8.   On October 24, according to the official website of the FDA, Servier's ivosidenib (trade name: Tibsovo) was approved for a new indication for the treatment of IDH1-mutated relapsed or refractory myelodysplastic syndrome (R/RMDS). Ivosidenib became the first targeted drug approved for the treatment of IDH1-mutant MDS, which is the fourth indication approved for ivosidenib in the United States.

9.   On October 24, according to the FDA's official website, Milestone's etripamil nasal spray was declared for marketing for the treatment of paroxysmal supraventricular tachycardia (PSVT). Etripamil, a novel calcium channel blocker and a nasal spray that can be self-administered by patients at home, has the potential to change the treatment paradigm for PSVT.

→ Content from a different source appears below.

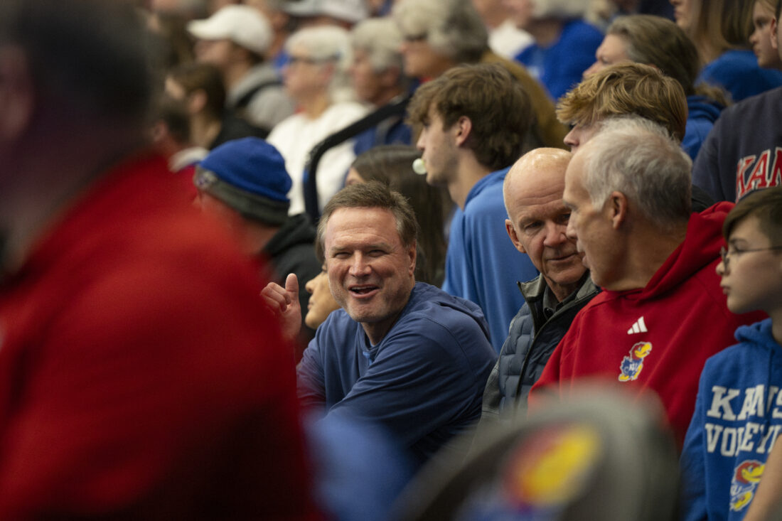 Kansas men’s basketball head coach Bill Self cheered on the Jayhawks against Miami in the second round of the NCAA Tournament in Horejsi Family Volleyball Arena on Friday, Dec. 5, 2025 in Lawrence.
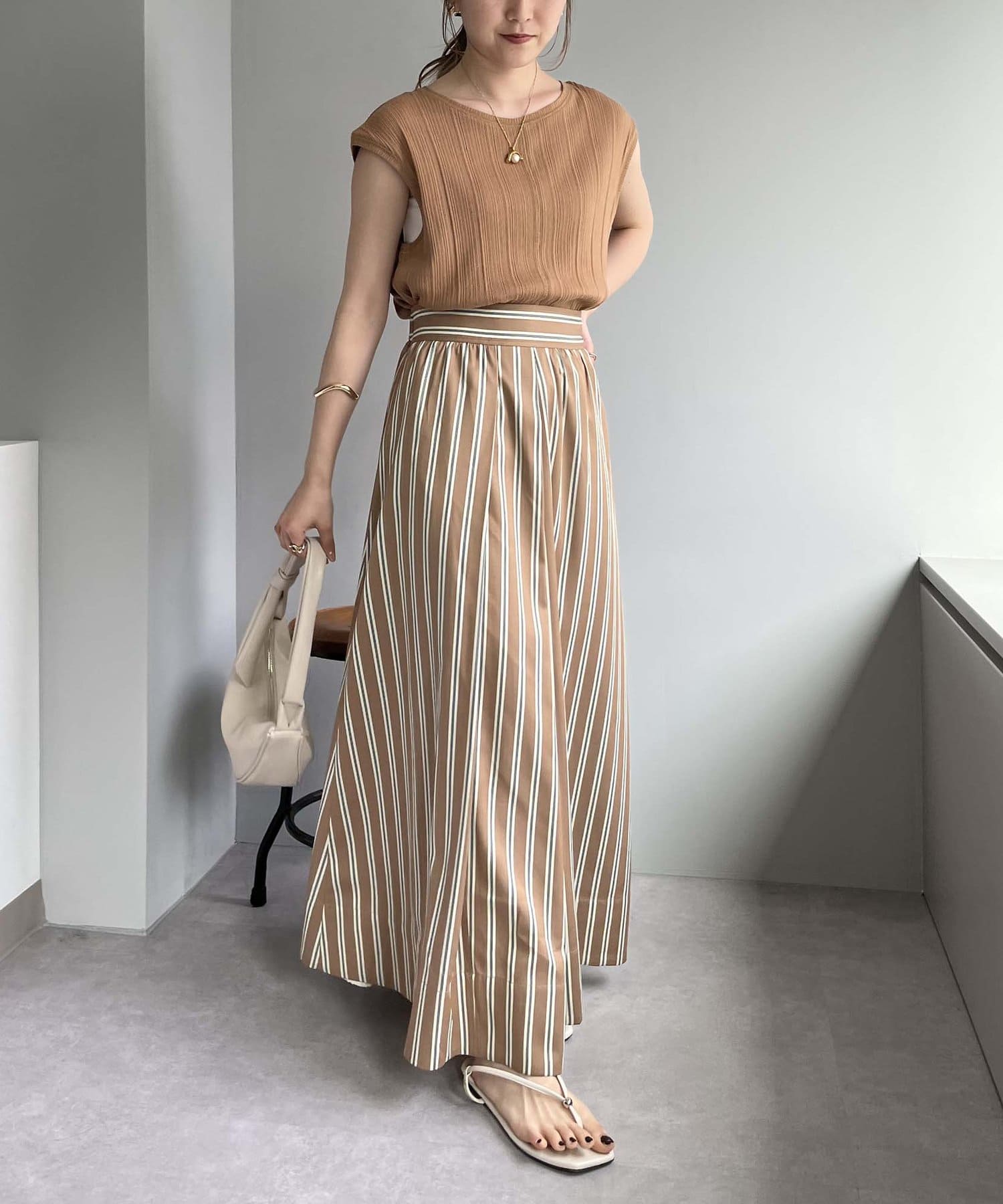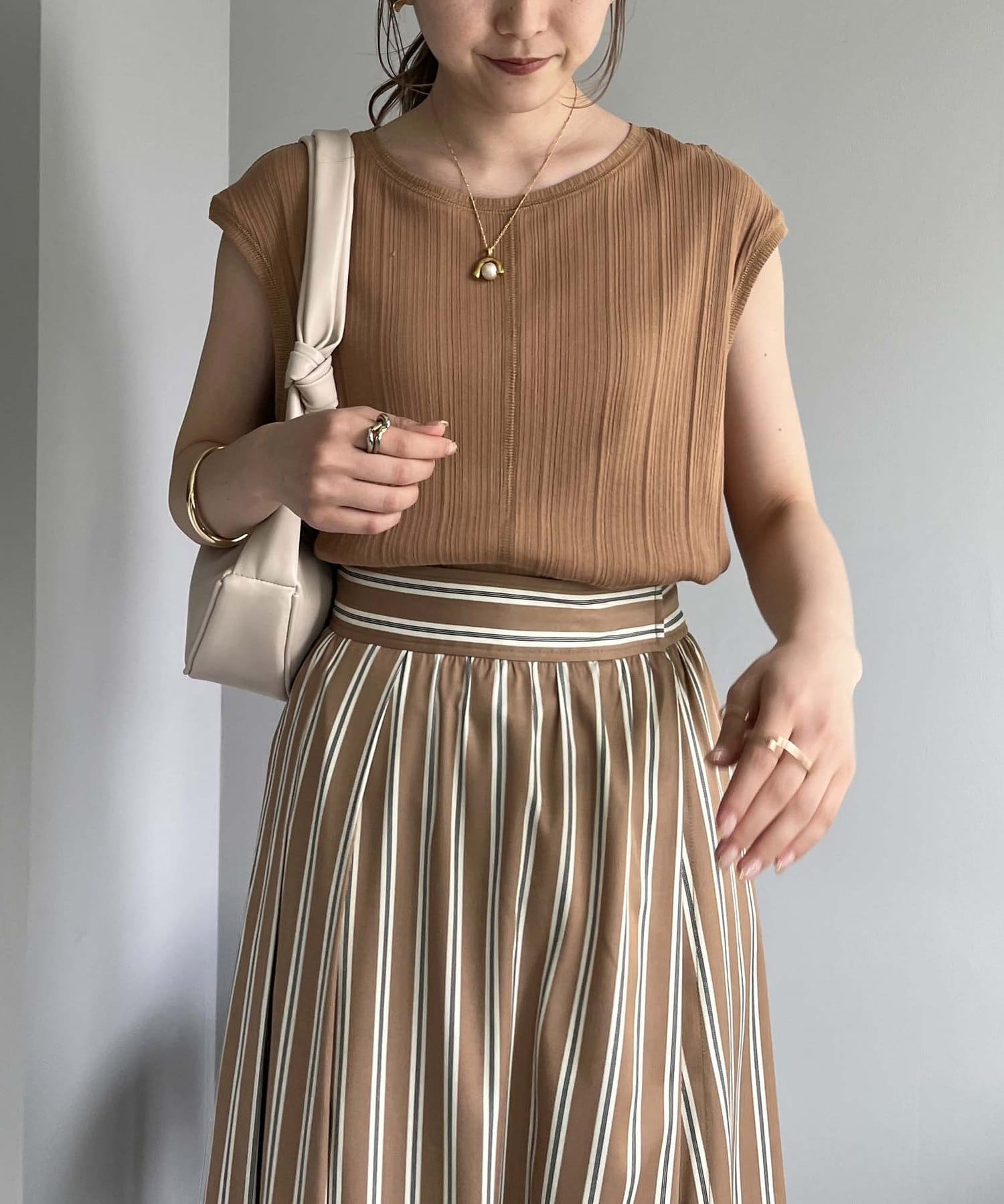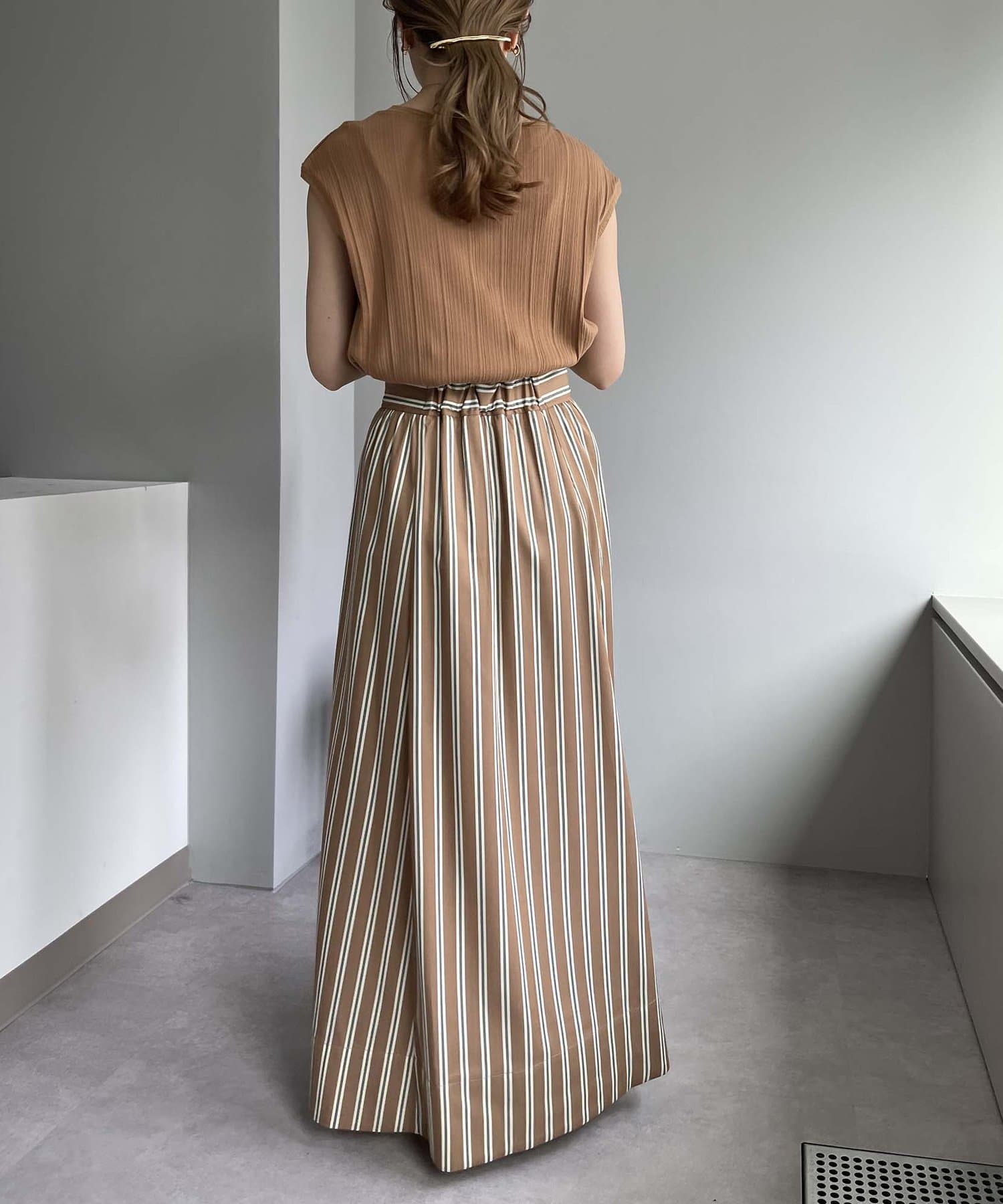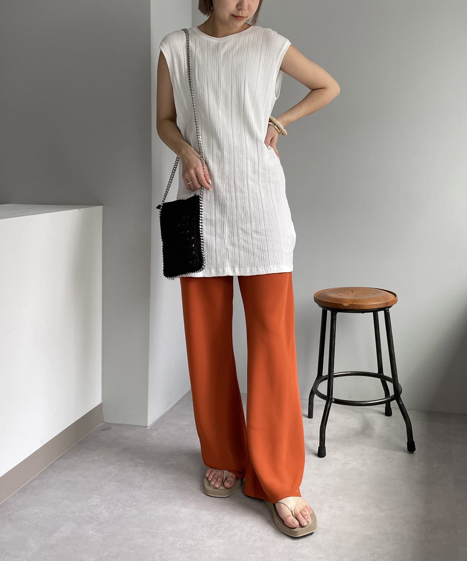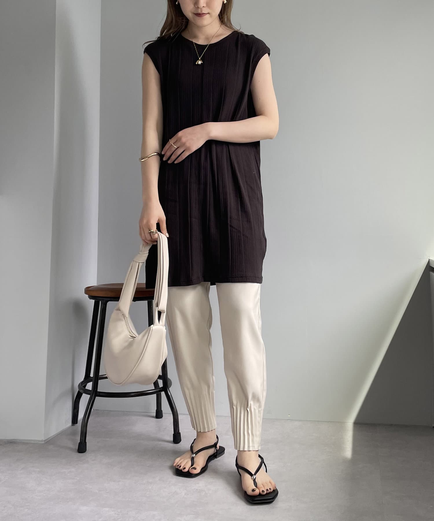 ・プリーツパンツやカットソー素材のパンツを合わせてアウトスタイルで

10.  On October 26, according to the FDA's official website, Eli Lilly's mirikizumab (trade name: Omvoh) was approved for marketing for the treatment of moderate to severe ulcerative colitis (UC) in adults. Mirikizumab also became the first IL-23 antibody approved for the treatment of UC. Mirikizumab is a monoclonal antibody targeting the IL-23p19 subunit for the indications currently being developed for ulcerative colitis, Crohn's disease, and plaque psoriasis.

11.  On October 27, according to the official website of the FDA, Roche's faricimab (trade name: Vabysmo) was approved for a new indication for the treatment of macular edema secondary to retinal vein occlusion (RVO). Farecimab is a bispecific monoclonal antibody developed by Roche targeting angiopoietin 2 (Ang2) and vascular endothelial growth factor A (VEGFA).